KPMG rocked by South African corruption scandal

KPMG rocked by South African corruption scandal

KPMG’s South African branch has come under fire after becoming caught up in a growing corruption scandal surrounding one of the country’s most influential families, the Guptas

KPMG’s South African branch has come under fire and suffered a severe reputational hit after becoming caught up in a growing corruption scandal surrounding one of the country’s most powerful families, the Guptas.

KPMG is accused of facilitating the Gupta family in tax evasion and corruption. While the firm denies any wrongdoing, it admits to missing several “red flags” in relation to the family’s accounts. At least eight senior KPMG South Africa officials have resigned in the wake of the scandal, including CEO Trevor Hoole.

The Gupta family, once called South Africa’s “shadow government” by former General Secretary of the Congress of South African Trade Unions Zwelinzima Vavi, is a very wealthy and politically influential family with close ties to South African president Jacob Zuma.
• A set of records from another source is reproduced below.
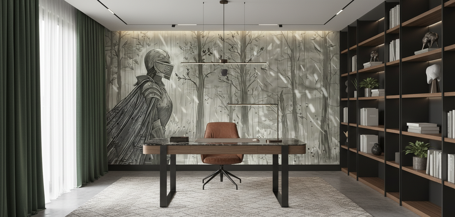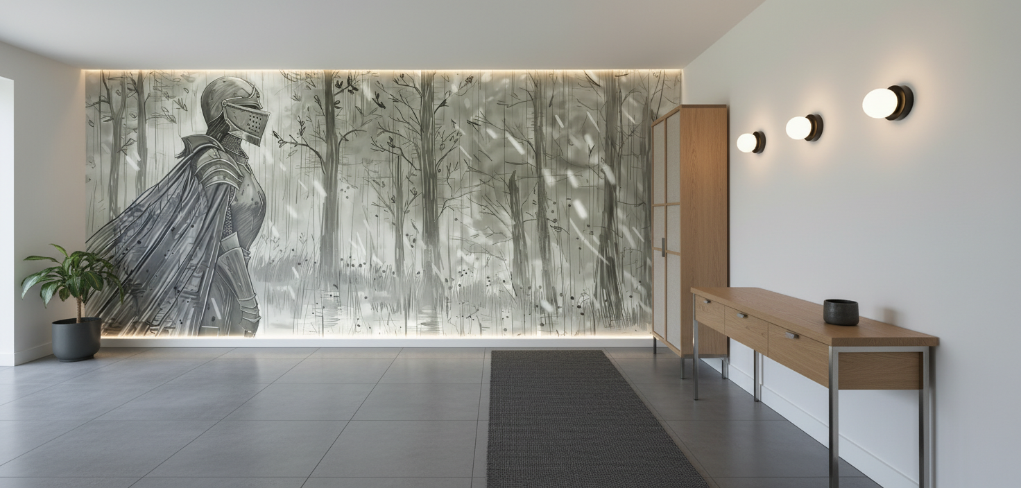 Ce papier peint artistique trouvera sa place idéale dans un bureau sophistiqué, une bibliothèque ou encore une chambre parentale en quête de caractère. Pour sublimer cette œuvre graphique, associez-la à du mobilier en bois sombre, des textiles en lin brut dans des teintes naturelles, et des accessoires en laiton vieilli. Les tons terre et les matières authentiques comme le cuir patiné ou la pierre naturelle créeront un dialogue harmonieux avec cette esthétique médiévale raffinée.
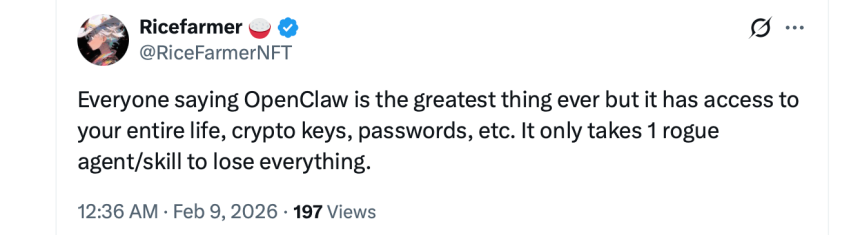 There are many warnings about Openclaw and crypto meshing together and a great deal of people explaining how things can get risky.
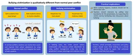 Bullying is a subcategory of aggressive behavior that is characterised by hostile intent (the harm caused is deliberate), imbalance of power (real or perceived power inequality between bully and victim), and repetition over a period of time.[20][21][22] More ordinary types of student-student conflicts, which are sometimes part of everyday school life, are not associated with an imbalance of power. In contrast to more ordinary conflicts, school bullying can severely harm victimized students.[5]
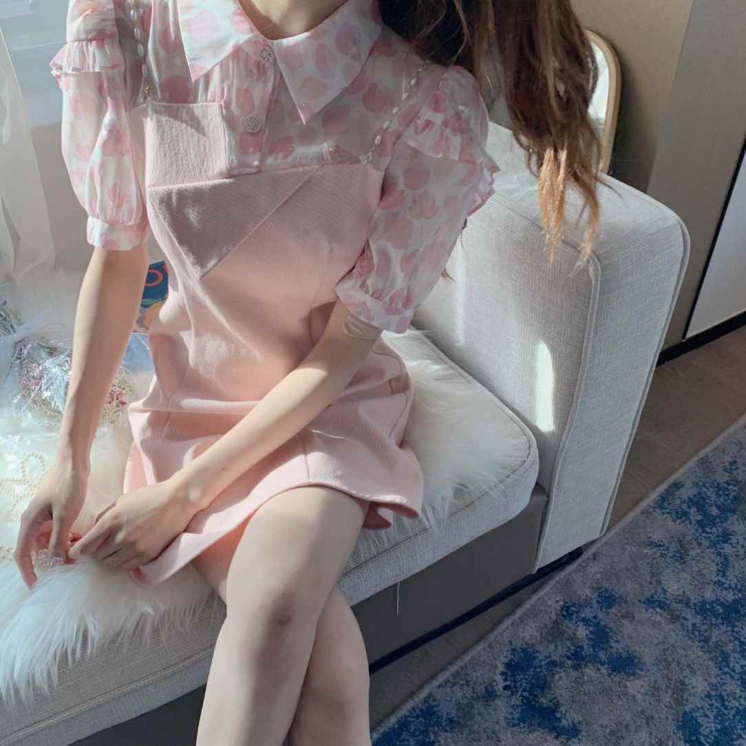 小小菲子酱服饰【花样年华-假两件裙】印花小众设计感甜美连衣裙热门设计联盟服务商
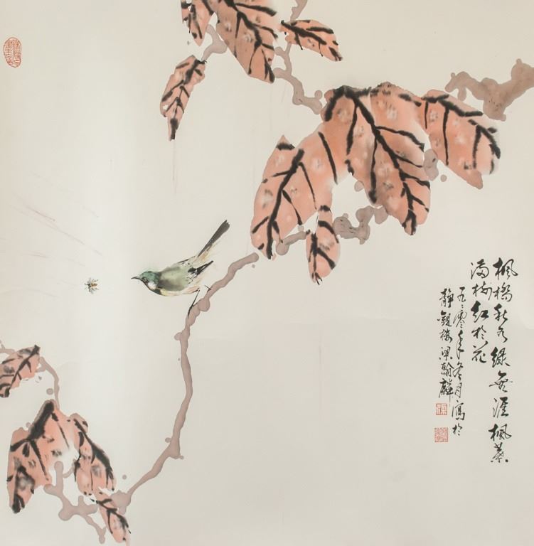 Chinese watercolor on paper. Featuring a gird perched on a branch watching a bee. Signed and inscribed with three seals. 79 x 79 cm.
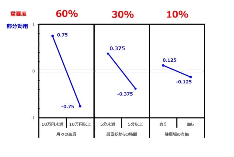 今回の結果を見ると、『月々の家賃』、『最寄り駅までの時間』、『駐車場の有無』の部分効用の幅は、1.5、0.75、0.25となり、合計は2.5になります。
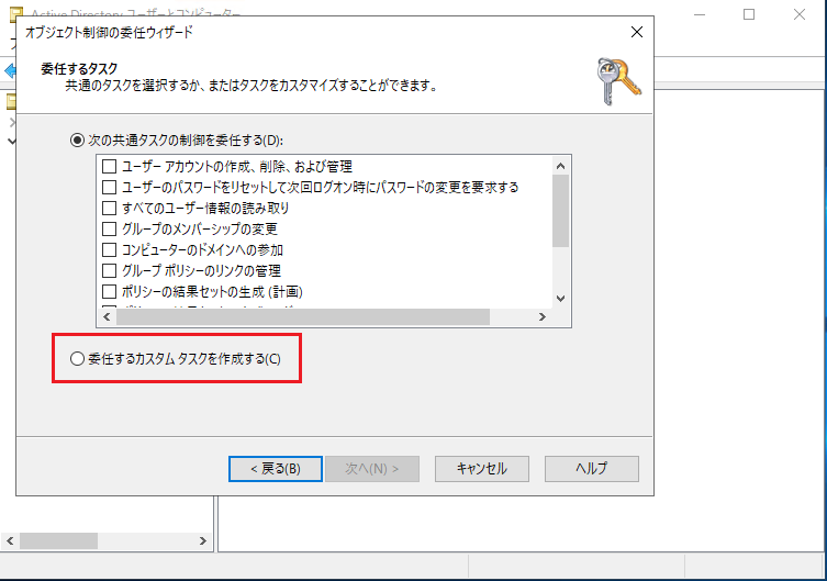 委任するタスク の項目で 委任するカスタムタスクを作成する を選択します。
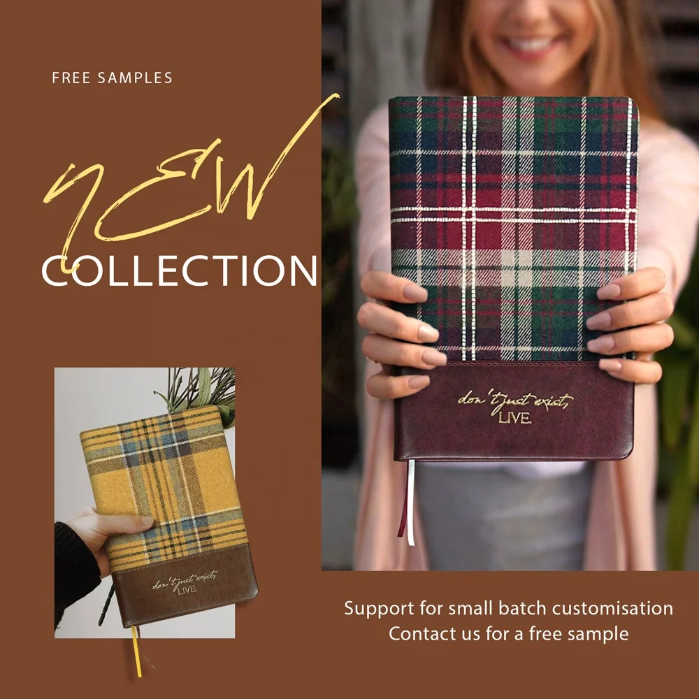 New Arrival Plaid Notebook A6 A5 B5 A4 Pu Leather Journal Tartan Custom Printing Diary Planner Notebooks for Christmas Present

It is alleged that the family exerts undue influence over government policies and dictates high level governmental appointments in exchange for commercial opportunities.

The family’s empire ranges across multiple sectors, including technology and mining. No strangers to scandal, a campaign for a Gupta family company brought down PR company Bell Pottinger earlier this year, following accusations of a racially divisive campaign.

KPMG audited Gupta companies for 15 years, finally terminating the relationship in 2016 amid growing concerns about the family’s links to Zuma. In a statement KPMG said: “KPMG South Africa regrets that its association with the Guptas and their business entities went on for far too long.”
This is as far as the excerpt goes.